Embarrassed by the growing controversy over Project 2025, key participants scurried for cover. Gans suddenly retired from the project in July, announcing that, given the election season, he would “direct all (his) efforts to winning bigly.”

Upon Gans’s departure, Kevin Roberts, the director of the Heritage Foundation and a leading Trump ally, took command of Project 2025. But Roberts, who also faced unpleasant public scrutiny and Democratic Party criticism, sought to downplay Project 2025’s connection to Trump and the Republican Party. This included postponing, until after the election, the publication of his forthcoming book, which contained a revealing foreword by J.D. Vance. In the foreword, the GOP vice-presidential candidate observed that “the Heritage Foundation isn’t some random outpost on Capitol Hill; it is and has been the most influential engine of ideas for Republicans from Ronald Reagan to Donald Trump.”

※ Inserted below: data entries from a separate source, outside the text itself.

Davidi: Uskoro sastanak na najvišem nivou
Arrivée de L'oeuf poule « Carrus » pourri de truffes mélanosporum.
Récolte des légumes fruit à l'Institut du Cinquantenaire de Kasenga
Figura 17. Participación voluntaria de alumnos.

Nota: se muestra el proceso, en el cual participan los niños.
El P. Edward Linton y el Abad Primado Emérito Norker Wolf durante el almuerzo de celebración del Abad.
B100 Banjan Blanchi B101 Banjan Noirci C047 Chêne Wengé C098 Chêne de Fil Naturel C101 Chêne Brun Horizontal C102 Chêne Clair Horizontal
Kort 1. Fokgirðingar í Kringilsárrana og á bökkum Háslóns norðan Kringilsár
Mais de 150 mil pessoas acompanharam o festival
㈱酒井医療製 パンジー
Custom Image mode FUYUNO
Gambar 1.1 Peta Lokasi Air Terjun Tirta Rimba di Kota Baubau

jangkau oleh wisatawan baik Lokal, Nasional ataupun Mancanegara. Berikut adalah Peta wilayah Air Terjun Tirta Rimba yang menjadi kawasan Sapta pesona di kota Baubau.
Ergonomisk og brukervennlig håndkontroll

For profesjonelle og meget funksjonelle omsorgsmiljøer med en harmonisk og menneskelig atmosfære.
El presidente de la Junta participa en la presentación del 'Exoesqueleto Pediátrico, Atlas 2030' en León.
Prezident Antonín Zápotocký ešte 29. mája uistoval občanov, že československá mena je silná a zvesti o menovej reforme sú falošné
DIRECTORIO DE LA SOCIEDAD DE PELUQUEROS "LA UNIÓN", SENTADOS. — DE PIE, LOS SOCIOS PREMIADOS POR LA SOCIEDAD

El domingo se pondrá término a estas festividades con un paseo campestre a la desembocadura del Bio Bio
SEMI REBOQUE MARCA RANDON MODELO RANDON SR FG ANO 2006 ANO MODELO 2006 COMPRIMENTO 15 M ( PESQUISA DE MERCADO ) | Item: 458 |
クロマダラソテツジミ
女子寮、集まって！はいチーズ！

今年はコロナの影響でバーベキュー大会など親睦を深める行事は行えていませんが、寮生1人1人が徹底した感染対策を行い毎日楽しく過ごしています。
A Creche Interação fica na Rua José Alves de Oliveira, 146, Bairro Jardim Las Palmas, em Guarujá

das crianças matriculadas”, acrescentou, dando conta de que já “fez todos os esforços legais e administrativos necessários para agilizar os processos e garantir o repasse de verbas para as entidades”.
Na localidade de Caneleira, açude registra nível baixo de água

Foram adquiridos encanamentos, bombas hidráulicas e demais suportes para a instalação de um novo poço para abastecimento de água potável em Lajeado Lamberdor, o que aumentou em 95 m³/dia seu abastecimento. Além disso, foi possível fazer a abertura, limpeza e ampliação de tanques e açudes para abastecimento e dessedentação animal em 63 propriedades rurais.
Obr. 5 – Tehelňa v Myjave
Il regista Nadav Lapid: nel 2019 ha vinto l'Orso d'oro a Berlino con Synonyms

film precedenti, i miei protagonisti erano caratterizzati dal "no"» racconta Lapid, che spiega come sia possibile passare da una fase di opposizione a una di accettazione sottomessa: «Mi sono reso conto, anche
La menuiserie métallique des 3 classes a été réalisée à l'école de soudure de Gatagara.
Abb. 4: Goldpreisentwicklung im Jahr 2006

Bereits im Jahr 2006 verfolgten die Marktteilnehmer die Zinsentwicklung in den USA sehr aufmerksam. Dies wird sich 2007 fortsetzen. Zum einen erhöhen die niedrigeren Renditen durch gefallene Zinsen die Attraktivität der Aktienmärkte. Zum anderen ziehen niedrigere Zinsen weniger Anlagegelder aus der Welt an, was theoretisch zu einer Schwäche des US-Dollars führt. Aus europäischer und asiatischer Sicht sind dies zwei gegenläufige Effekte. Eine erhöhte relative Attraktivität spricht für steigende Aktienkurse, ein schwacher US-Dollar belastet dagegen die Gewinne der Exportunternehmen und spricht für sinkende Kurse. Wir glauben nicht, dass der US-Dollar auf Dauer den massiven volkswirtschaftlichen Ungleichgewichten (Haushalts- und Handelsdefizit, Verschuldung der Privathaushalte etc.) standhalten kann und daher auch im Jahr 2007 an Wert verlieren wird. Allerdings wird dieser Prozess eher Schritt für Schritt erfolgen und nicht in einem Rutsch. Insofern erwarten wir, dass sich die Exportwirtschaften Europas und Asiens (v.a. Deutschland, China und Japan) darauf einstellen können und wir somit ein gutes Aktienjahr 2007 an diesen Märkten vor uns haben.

Only two years before, Trump himself emphasized his staunch and continued partnership with the Heritage Foundation. Attending a foundation event, he remarked: “This is a great group, and they’re going to lay the groundwork and detailed plans for exactly what our movement will do and what your movement will do when the American people give us a colossal mandate to save America, and that’s coming.”

In addition, if anyone had any doubts about what Trump and his MAGA Republicans would do in the future about workers’ rights, they had only to look at the labor record of the first Trump administration. That record included sabotaging America’s labor unions, presiding over massive plant closures and job losses, blocking workers’ wage gains and undermining the health and safety of American workers.

Consequently, the nation’s labor movement saw Trump’s past record and agenda for the future for what they were. In a statement issued July 18, Liz Shuler, president of the national AFL-CIO, declared: “In his first term as president, Donald Trump was a disaster for workers and our unions.” Moreover, “the Trump Project 2025 Agenda lays out his plan to turbocharge his anti-worker policies, eliminate or control unions, and eviscerate labor laws and workers’ contracts.” Consequently, “a second Trump term would put everything we’ve fought for – good jobs, fair wages, health care, retirement security, worker security – on the chopping block.”

Indeed, Project 2025 provides a powerful reminder to the labor movement and its supporters of how important it is to defeat the election of Trump and his MAGA Republicans this November.

Lawrence Wittner, Ph.D., is syndicated by PeaceVoice, an Oregon Peace Institute program. Wittner is professor of history emeritus at SUNY/Albany and the author of “Confronting the Bomb.”